Temperatures in New York were expected to drop to 9 degrees Fahrenheit (minus 13 degrees Celsius), according to forecasts. Tracking system Flight Aware said that some 2,200 flights within, into or out of the United States had been cancelled.
    
The National Weather Service issued winter storm warnings and advisories for a huge area spanning states from Chicago trough New York, New England and even US capital, Washington.
    
Severe weather was also hitting the country's Midwest, dropping a blanket of snow and cancelling flights at Chicago's O'Hare International Airport.
    
The northeastern winter warning was in effect in New York from Thursday evening through midday today, with forecasters predicting four to eight inches (10 to 20 centimetres) of snow and winds that could reach up to 35 miles (56 kilometres) per hour.
    
The National Weather Service said blizzard conditions were possible for eastern Long Island and the coast of Massachusetts.
    
"Bitter cold will move into the Midwest and East following the storm," it warned.
    
In the Big Apple, where thick flakes were falling on Thursday evening, the storm will serve as a first test for the city's new mayor, Bill de Blasio, who assumed his post on Wednesday.
    
De Blasio said the city had "laser" focus as it braced for what was to come. "We are ready," he said. He urged residents to stay indoors and use public transportation if they must get around. But, he warned, delays were to be expected.
    
"Please, start this evening, stay inside. If you don't need to go out, don't go out," de Blasio said.

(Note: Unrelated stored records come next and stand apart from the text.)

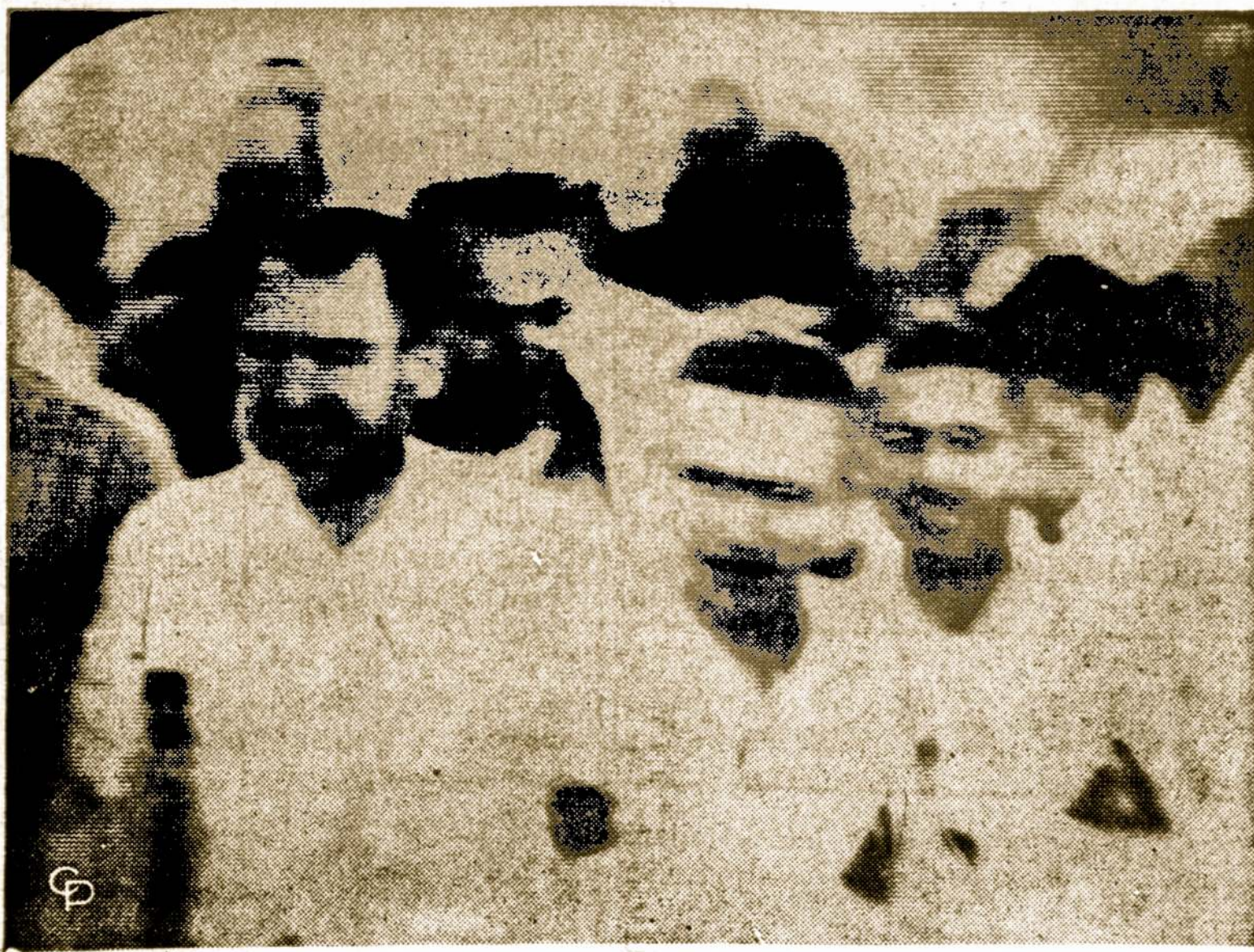
Sugrįžę iš kelionės apie mėnulį astronautai James Lovell, Frank Borman ir William Anders

Taigi, jeigu amerikiečių spauda jau taip nusiskundžia, tai ką bekalbėti apie lietuvišką, kuri verčiasi žymiai blogesnėse sąlygose?
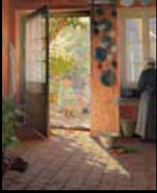
ADC240 - Intérieur (XIX e s.), Charles Clément Francis Perron
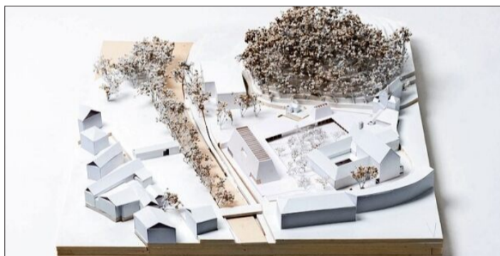
Im Bild ein Modell des Siegerprojekts, angesiedelt im Kapuzinergarten. Der Hauptbau verläuft parallel zum Tinnebach (Bildmitte). Das Dach des erdgeschossigen Sockelbaus wird begrünt und ist begebar.
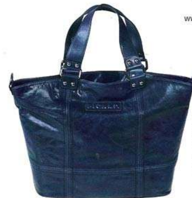
Stauraum in Blau: Tasche von Picard; 199 Euro www.picard- lederwaren.de
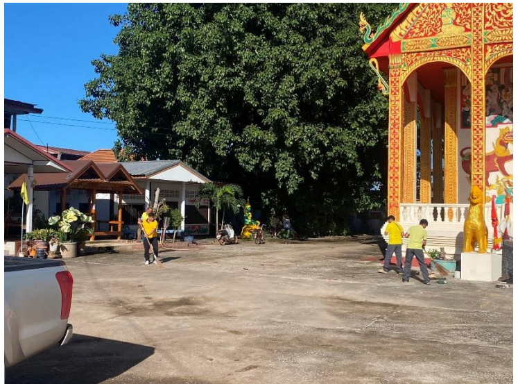
กิจกรรม Big Cleaning Day ทำความสะอาด แหล่งท่องเที่ยว แก่งโดน
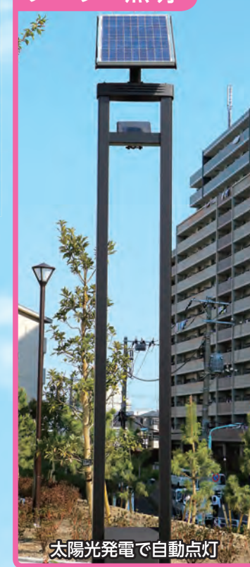
太陽光発電で自動点灯
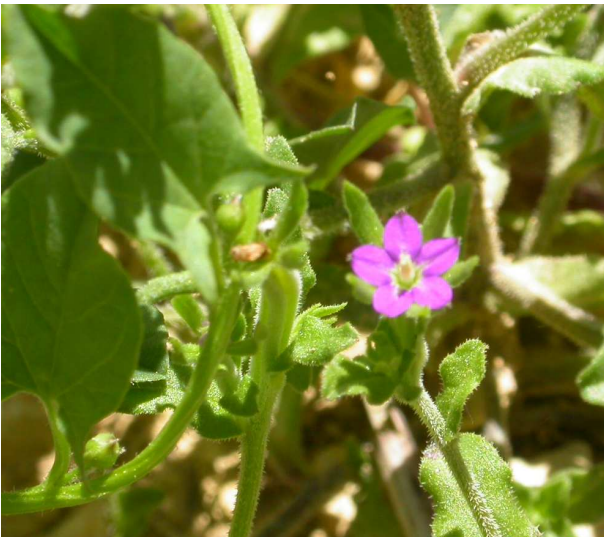
← Legousia hybrida (L.) Delarbre (3)
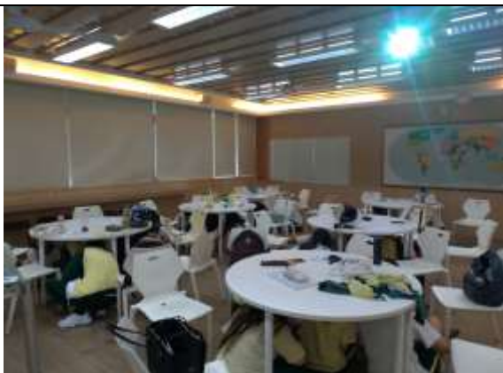
地震避難蹲下、掩護、抓住
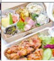
Kitchen ナカシマ 中央1-19-7-1F ☎72・6630
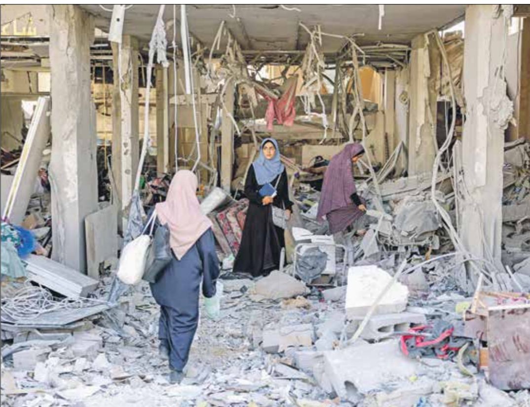
بوميات وسط الدمار والركام
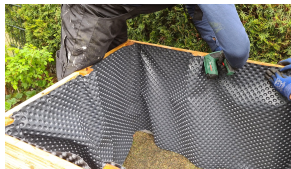
16.) Mit dem Elektrotacker wird die Folie an die Innenseite des Kastens befestigt.
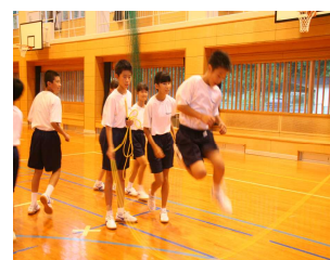
【8の字跳びの学年練習】
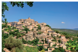
A moins de 20 km de villages classés et renommés : Gordes, Roussillon...
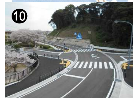
市道永昌真崎津水線(歩道整備)
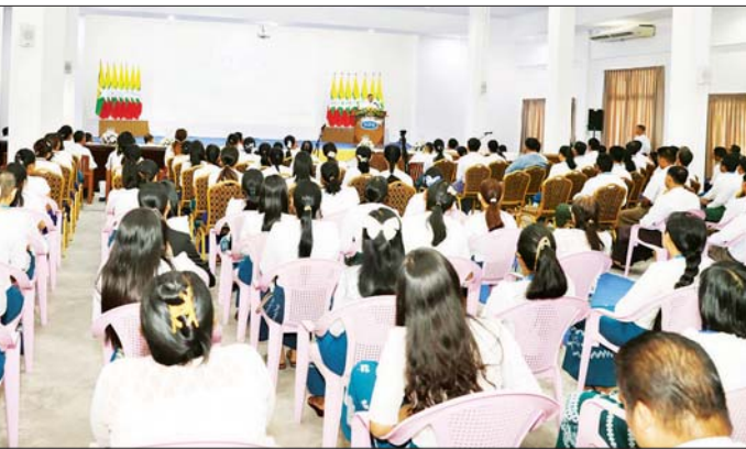
ရောက်ရှိပြီး နိုင်ငံတော်အဆင့်ပုံနှိပ်စာအုပ်များ၊ ဆက်လက်၍ စာပြင်ဌာန၊ CTP ဌာန၊ ပလိတ်ကူး အစိုးရဌာနများမှအပံ့အသွား ပုံနှိပ်စာအုပ်များ၊ ခန်း၊ ပုံနှိပ်စက်ခန်းများအတွင်း လုပ်ငန်းဆောင်ရွက် ကျောင်းသားပုံနှိပ်စာအုပ်များ ခင်းကျင်းပြသထားမှုကို နေမှုများကို ကြည့်ရှုစစ်ဆေးပြီး ဝန်ထမ်းအိမ်ရာများ ကြည့်ရှုစစ်ဆေးသည်။ ကို လှည့်လည်ကြည့်ရှုစစ်ဆေးခဲ့သည်။ သတင်းစဉ်

လက်တွဲဆောင်ရွက်ကြရန်၊ ကျောင်းသားလူငယ်များ အပါအဝင် ကျေးလက်နေလူငယ်လူရွယ်များ စာဖတ် ချင်လာအောင်၊ စာဖတ်ရှိန်ဖြင့်မားလာအောင် ကြိုးပမ်းဆောင်ရွက်သွားရန်၊ တစ်ဦးနှင့်တစ်ဦး ချစ်ချစ်ခင်ခင်ဖြင့် ရိုင်းပင်းကူညီ ဆောင်ရွက်သွား ရန်၊ စက်ယန္တရားများ၊ ပစ္စည်းကိရိယာများကိုလည်း မပျက်မစီးအောင် မိမိတို့အတွက် အကြံပေးမှုတည်ပြီး ကြိုတင်မြော်တွေးကာကွယ်သွားကြရန်နှင့် နေရာသီ ရောက်ရှိပြီဖြစ်၍ မီးဘေးအန္တရာယ် ကြိုတင်သတိပြု ဆောင်ရွက်သွားကြရန် မှာကြားသည်။ တွေ့ဆုံပွဲတွင် ဒုတိယဝန်ကြီး ဦးရဲတင့်က ပုံနှိပ် ရေးနှင့် ထုတ်ဝေရေးဦးစီးဌာနနှင့် သတင်းနှင့် စာနယ် ဇင်းလုပ်ငန်းတို့၏ လုပ်ငန်းဆောင်ရွက်နေမှုများ နှင့် ပတ်သက်၍ ဖြည့်စွက်ရိုင်းလင်းဆေးနေ့သည်။ ထို့နောက် ပြည်ထောင်စုဝန်ကြီးနှင့် ဒုတိယ ဝန်ကြီးတို့သည် ကြေးမုံသတင်းစာတိုက်နှင့် မြန်မာ့ အလင်းသတင်းစာတိုက် စာတည်းခန်းများ၊ ပုံနှိပ် စက်ခန်းများကို ကြည့်ရှုစစ်ဆေးသည်။ ယင်းနောက် နေပြည်တော်ပုံနှိပ်စက်ရုံသို့
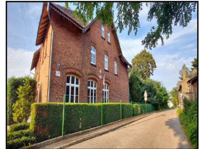
2. Szkoła Podstawowa im. Henryka Sienkiewicza
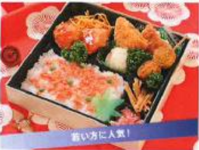
華太鼓 はなだいこ ¥1,050

あっさりとした旬食材を、寿ぎの爽やかなイメ ジで盛り込んだ和風弁当。彩りの美しさもお楽 しみいただけます。
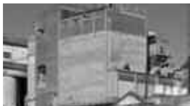
Bloqueo a la planta de Cargill
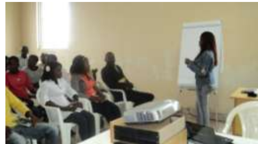
Fomento del emprendimiento en Angola
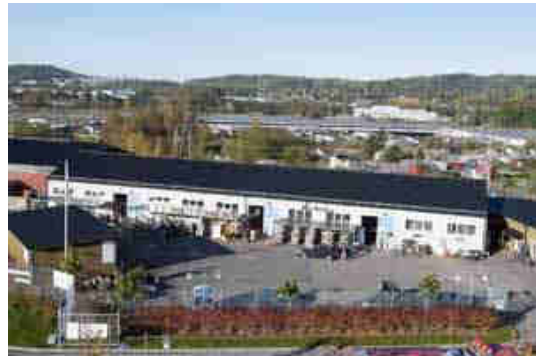
Abbildung 12: Der Re-Use Park Alelyckan

Der Re-Use Parks wird vorwiegend von der Bevölkerung von Göteborg und jener aus den Umland-Bezirken genutzt. Das sind in etwa 1 Million Menschen.
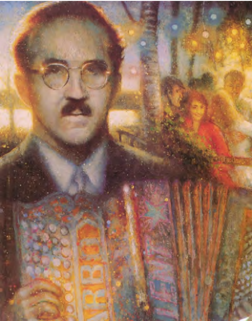
Carl Jularbo hör till Sveriges genom tiderna mest kända och mest inspelade artister. Han gjorde 1.576 inspelningar under sin nästan femtioåriga karriär.
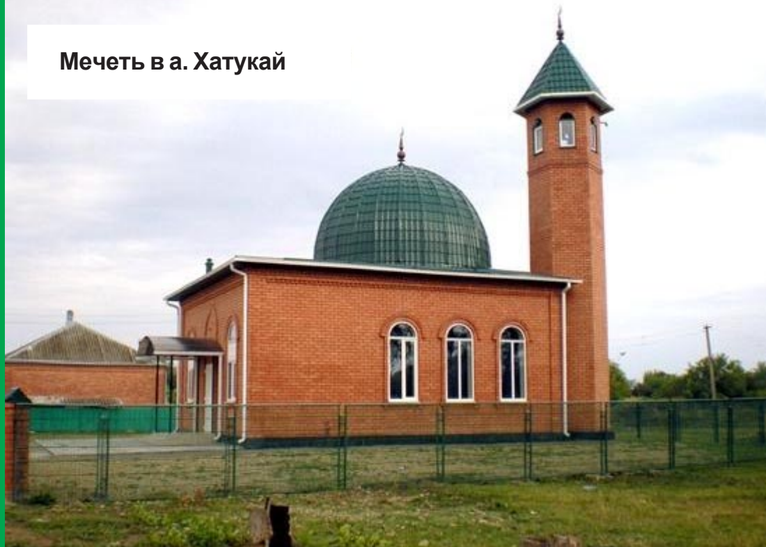
Мечеть в а. Хатукай
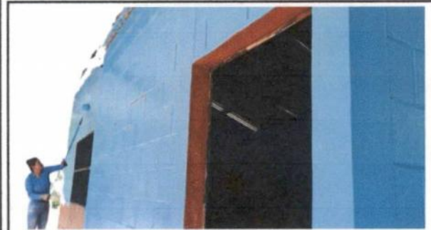
Aplicación de pintura en el establecimiento
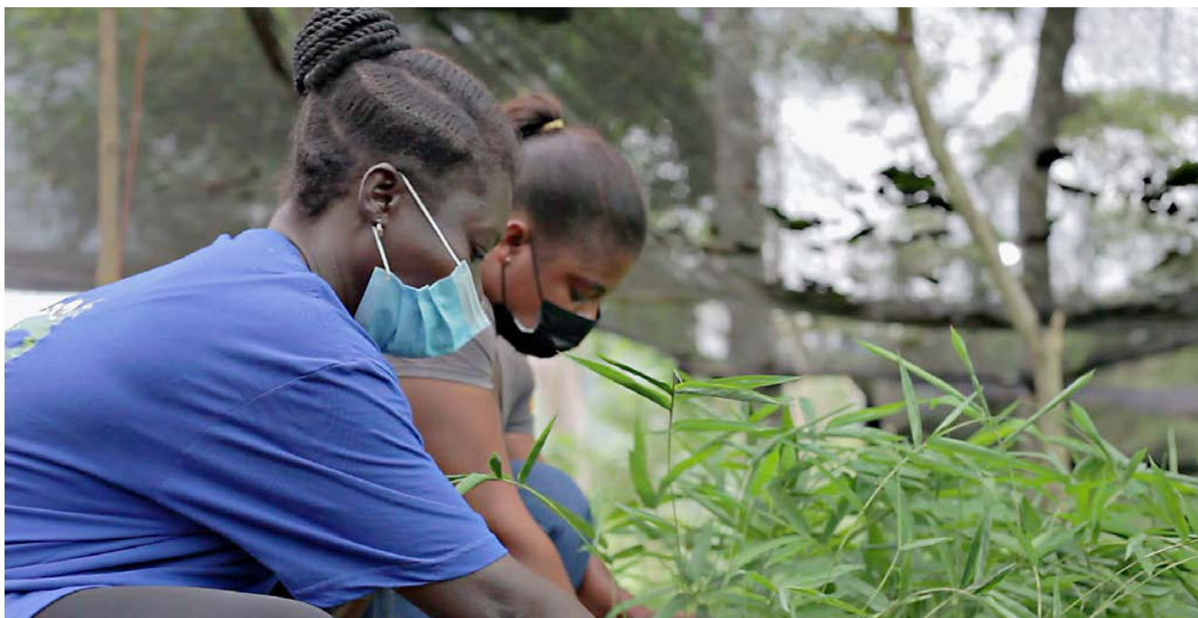
Plantation de bambous au Ghana, dans le cadre du récent voyage d'étude en Afrique.
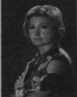
Людмила Максакова, «Неподсуден», мелодрама.
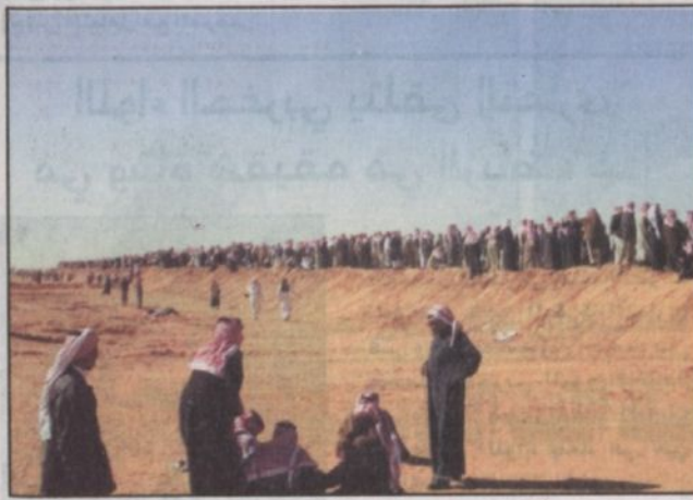
جمهور كبير تابع المسابقة
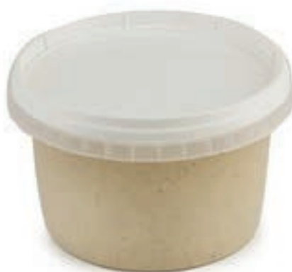
SLS410 SALSА DI NOCI X 1.5 KG
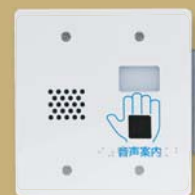
ユニットBで 『インフォメーション』

— [ユニットA]・[ユニットB] 2つのユニットから音声でサポートいたします。 —
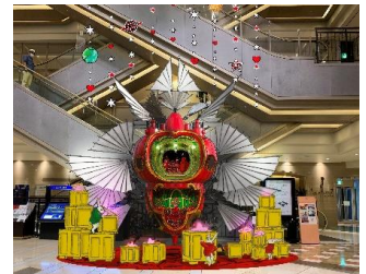
▶ハービスPLAZA 1F オルガン広場

ルーシー博士たちは無事地球へと戻ってきました。この旅がとても過酷で危険だったことを物語るようにスペースシップはダメージを受けています。
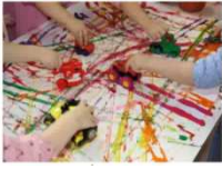
SCUOLA SAN BENEDETTO ABATE BENESSERE INCLUSIONE FRAGILITÀ

In questa foto tutti i bambini usano uno strumento individuale e una mano, uno strumento che non fa sentire la forza con la quale passano il colore, non hanno contatto con il colore stesso. Qui è presente un atto motorio, ma poco di percettivo e di osservazione dell'altro. Una volta finito c'è un prodotto che appeso al muro interessa l'adulto, ma non al bambino a cui interessa il
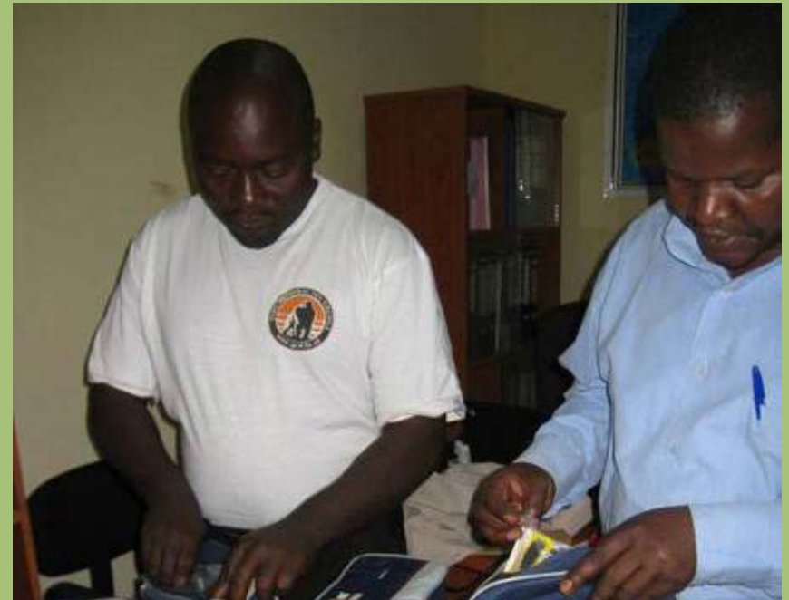
Kompass und GPS-Geräte
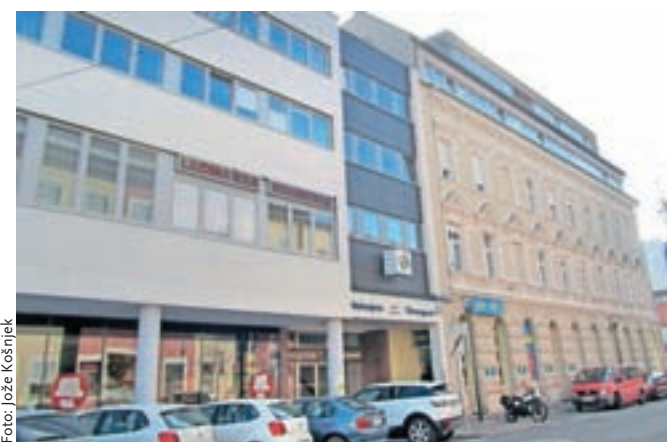
Mohorjeva hiša je eno od slovenskih središč v Celovcu.

V petek, 4. januarja 2019, ob 20. uri se bo v Casineumu Vrba/Velden ob Vrbskem jezeru začel tradicionalni, že 67. Slovenski ples, najstarejša družabna prireditev Slovencev na Koroškem. Več o plesu in nakupu vstopnic vam povedo na elektronskem naslovu spz@slo.at ali po telefonu 0463/51 43 00 – 22.
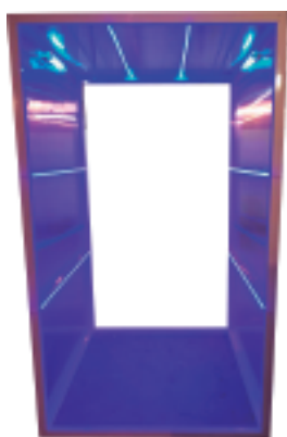
Luz UV Clase C
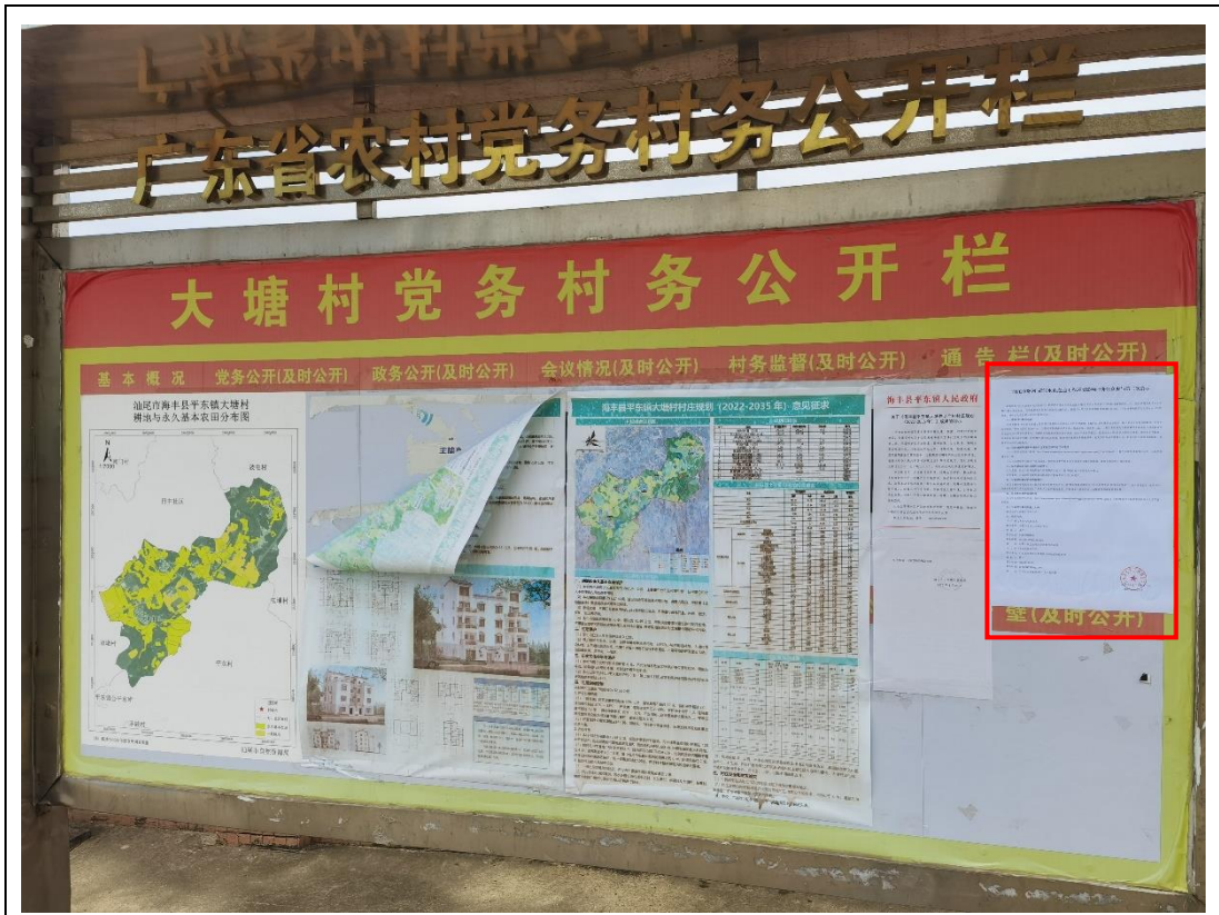
项目沿线所在地汕尾市海丰县平东镇大塘村村委会宣传栏张贴公告
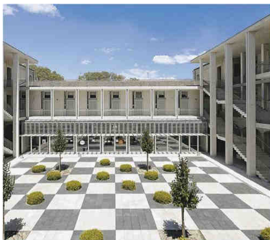
Réhabilitation Pôle universitaire Hoche à Nîmes (Gard) Maître d'ouvrage: Rectorat de l'académie de Montpellier Architecte: Agence d'architecture Jean-Luc Lauriol
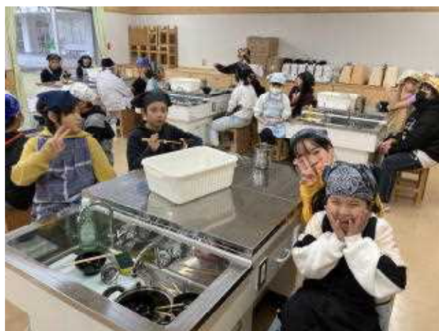
↑家庭科室前を通ると何やらいい香りが・・・5年生が調理実習中。味噌汁を作っていました。煮干しの優しい、いい出汁がでて、味噌の量もちょうどよくて、美味しくできてました！

New York Governor Andrew Cuomo activated the State Emergency Operations Centre and also urged people to use mass transit, warning of possible highway closures due to inclement weather.
    
In neighbouring New Jersey, Governor Chris Christie declared a state of emergency in anticipation of what was to come.
    
Connecticut Governor Dannel Malloy, meanwhile, ordered state employees to leave work early on Thursday to alleviate the evening commute. Workers were not expected back at their desks until mid-morning.